The job of Triple A is also to provide assistance, advisory, expertise, assessment, audit and inspection services related to the adaptation of African agriculture to climate change and all related strategic issues; contribute, in the context of technical assistance, to the sharing of good practices and the transfer of technology, skills and knowledge in the field of adaptation of African agriculture to climate change.
The AAA Foundation will work to facilitate access for African agriculture adaptation project holders to climate change for investors, development partners, donors; assist project promoters in setting up and submitting their projects to investors; promote bilateral, regional and international cooperation among African authorities; and foster the emergence of coalitions and strategic partnerships.
Triple A challenges
Triple A is a major response to the challenges facing African agriculture; this initiative is a solution to the fight against climate change. 2018 was the year of the implementation of this initiative, which has been supported by the World Bank Group, the French Development Agency and the German Government.

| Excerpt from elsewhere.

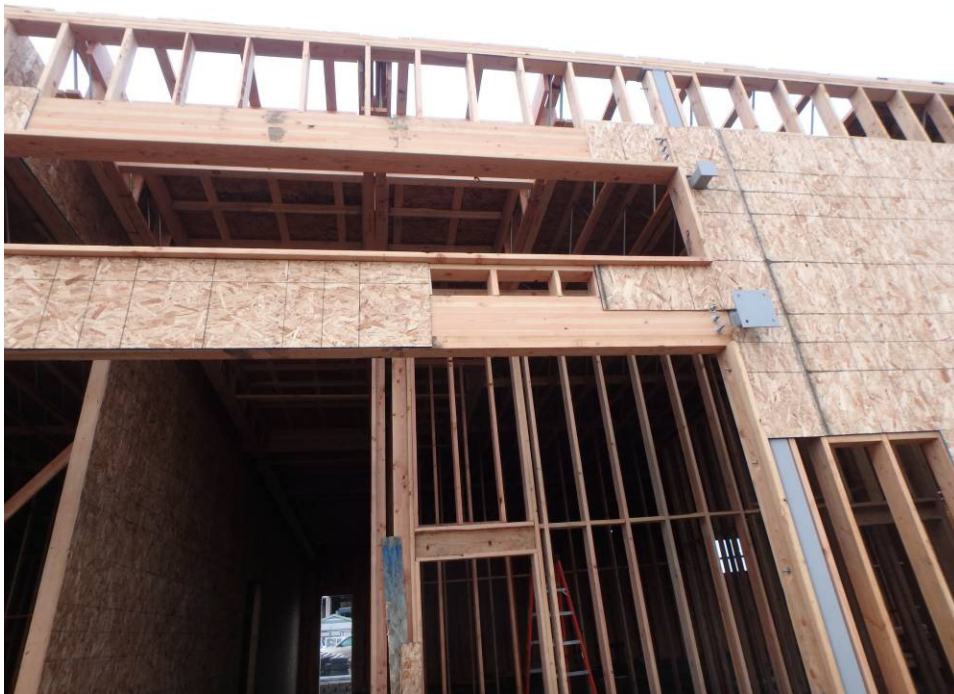
New roof trusses

Triple A is essential to make Africa, Agriculture, and Adaptation priorities in order to combat climate change because 6 of the 10 countries most threatened by climate change are located in Africa. The African continent is only responsible for 4% of greenhouse gas emissions, by 2050, and the agricultural production must grow twofold in order to feed the 9 billion human beings on the planet; 65%mof the world's arable land is in Africa. By 2050, agricultural yields in Africa could decrease by 20%, if agriculture does not adapt to climate change. Africa only attracts 5% of the climate funds, 4% of the funds are allocated to agriculture and 20% to adaptation projects.

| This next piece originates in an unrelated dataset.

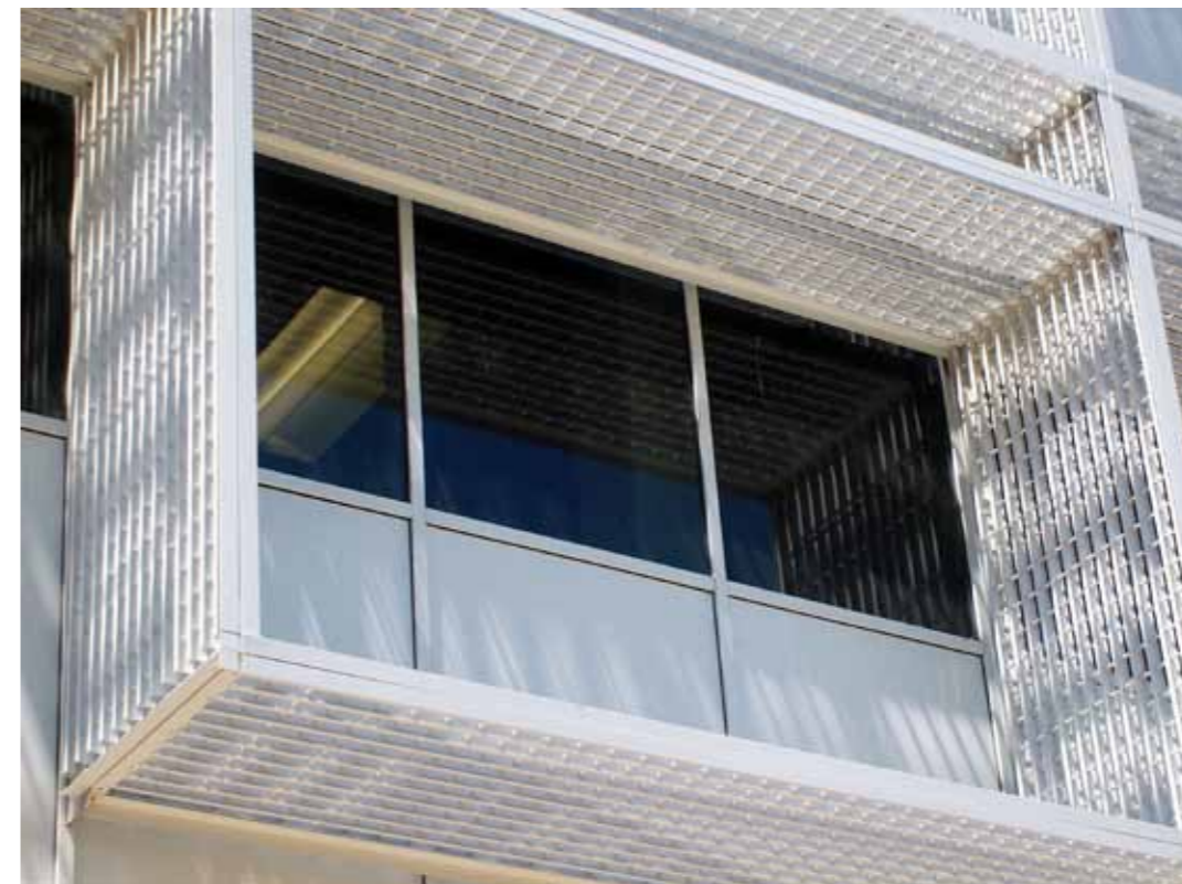
UWC Public Health Building, Bellville

Indeed, this is the real challenge of Triple A and all African agrarian policies. Today, African agriculture is mobilizing a lot of billions. It must then be ensured that these figures can reach small farmers. Because they are the first to be confronted with the realities of agriculture, the success of Triple A will depend on it.
AAA initiative is addressing the challenges of poverty and food security requires strengthening the adaptation of African agriculture to climate change, with a view to reducing the agricultural gap between the countries of the continent. The African nations are urged to act urgently given the many threats to the future of food security in the continent, in this case, rising temperatures and declining rainfall.
Involve small farmers for Triple A success
For the moment, no financial institution has announced specific amounts devoted to the achievement of the Triple A objectives, but for these donors, this initiative is a precious helping hand to make their financing on the continent profitable. In this regard, the African Development Bank (AfDB) mobilizes annually some $ 2.4 billion to finance African agriculture, which is among its top 5 priorities. However, it remains to be seen whether the African private agricultural sector is fully involved in this initiative; same for small farmers.
Any delay in the adaptation of African agriculture will expose the countries of the continent to the risk of overexploitation of water resources, because of declining profitability of agricultural land and the spread of epidemics and diseases, among others. In this regard, a series of solutions, namely the rational use of water resources, the capacity building of institutions in charge of water management, and the encouragement of sustainable urban development, in addition to the genetic modification of water resources and agricultural products.
The initiative is not only a key response to climate change, but also to food insecurity. Its aim is to put Adaptation of African Agriculture at the heart of climate debates and negotiations. In its solutions section, it also aims to contribute to the deployment of concrete agricultural projects.